Joti Y, Nakagawa H, Kataoka M, Kitao A - Biophys. J. (2008)

Bottom Line: The peak frequency in the minimal hydration state shifts to lower than that in the full hydration state.Protein motions, which contribute to the boson peak, are distributed throughout the whole protein.The fine structure of the dynamics structure factor is expected to be detected by the experiment if a high resolution instrument (< approximately 20 microeV) is developed in the near future.

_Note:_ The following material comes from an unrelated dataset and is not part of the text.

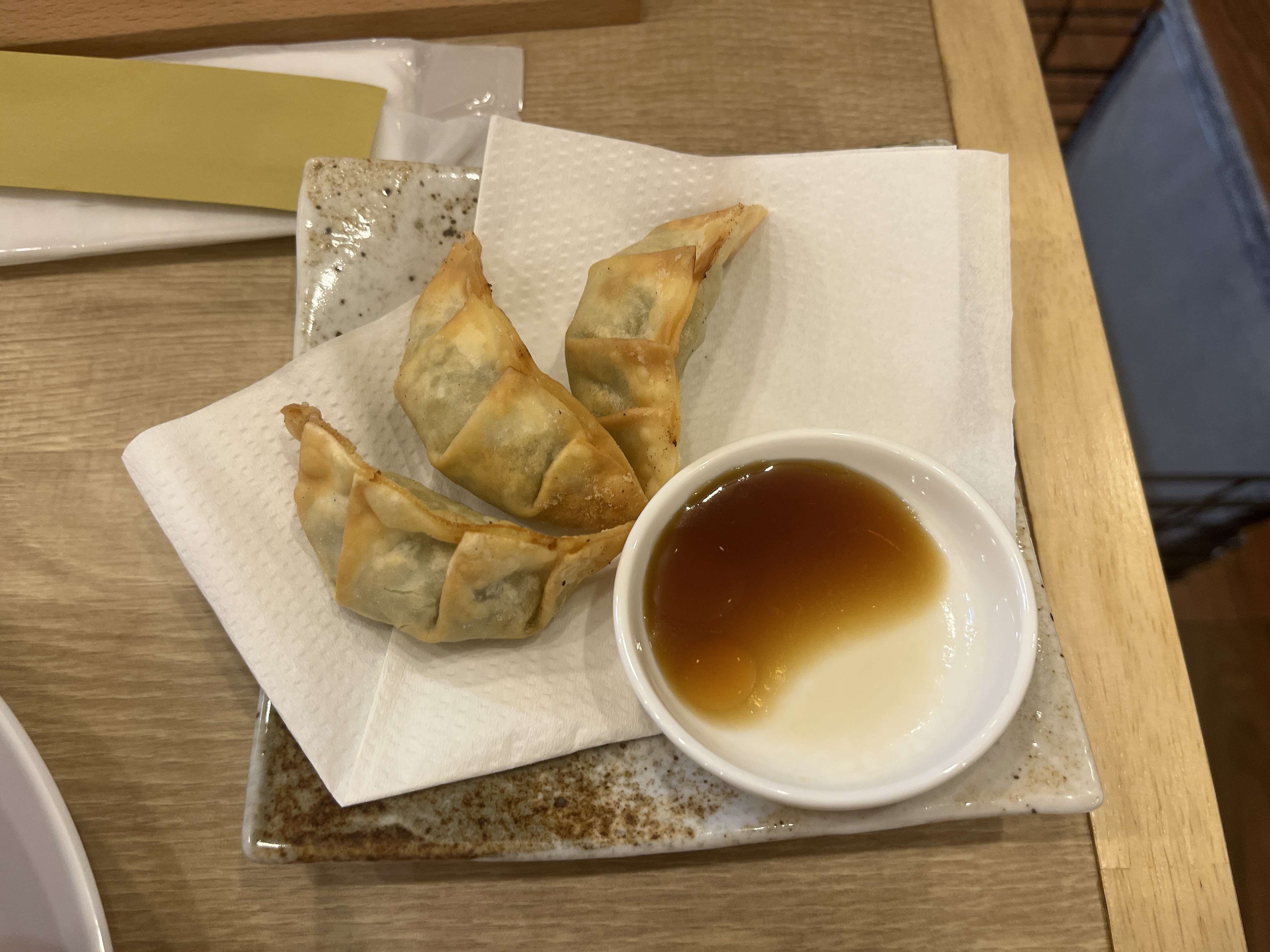 ラーメン屋さんで、焼き餃子じゃなくて、揚げ餃子です。ちょっと珍しいね。コレは、ニンニク無しかな?少なめかな。すごくあっさりしてます。中華屋の焼き餃子を想像して食べると、かなり物足りないかも。でも、デートでも食べれる餃子かな。(たぶん)食べても口が臭くない

View Article: PubMed Central - PubMed

Affiliation: Institute of Molecular and Cellular Biosciences, University of Tokyo, 1-1-1 Yayoi, Bunkyo-ku, Tokyo 113-0032, Japan.

ABSTRACT
Hydration effects on protein dynamics were investigated by comparing the frequency dependence of the calculated neutron scattering spectra between full and minimal hydration states at temperatures between 100 and 300 K. The protein boson peak is observed in the frequency range 1-4 meV at 100 K in both states. The peak frequency in the minimal hydration state shifts to lower than that in the full hydration state. Protein motions with a frequency higher than 4 meV were shown to undergo almost harmonic motion in both states at all temperatures simulated, whereas those with a frequency lower than 1 meV dominate the total fluctuations above 220 K and contribute to the origin of the glass-like transition. At 300 K, the boson peak becomes buried in the quasielastic contributions in the full hydration state but is still observed in the minimal hydration state. The boson peak is observed when protein dynamics are trapped within a local minimum of its energy surface. Protein motions, which contribute to the boson peak, are distributed throughout the whole protein. The fine structure of the dynamics structure factor is expected to be detected by the experiment if a high resolution instrument (< approximately 20 microeV) is developed in the near future.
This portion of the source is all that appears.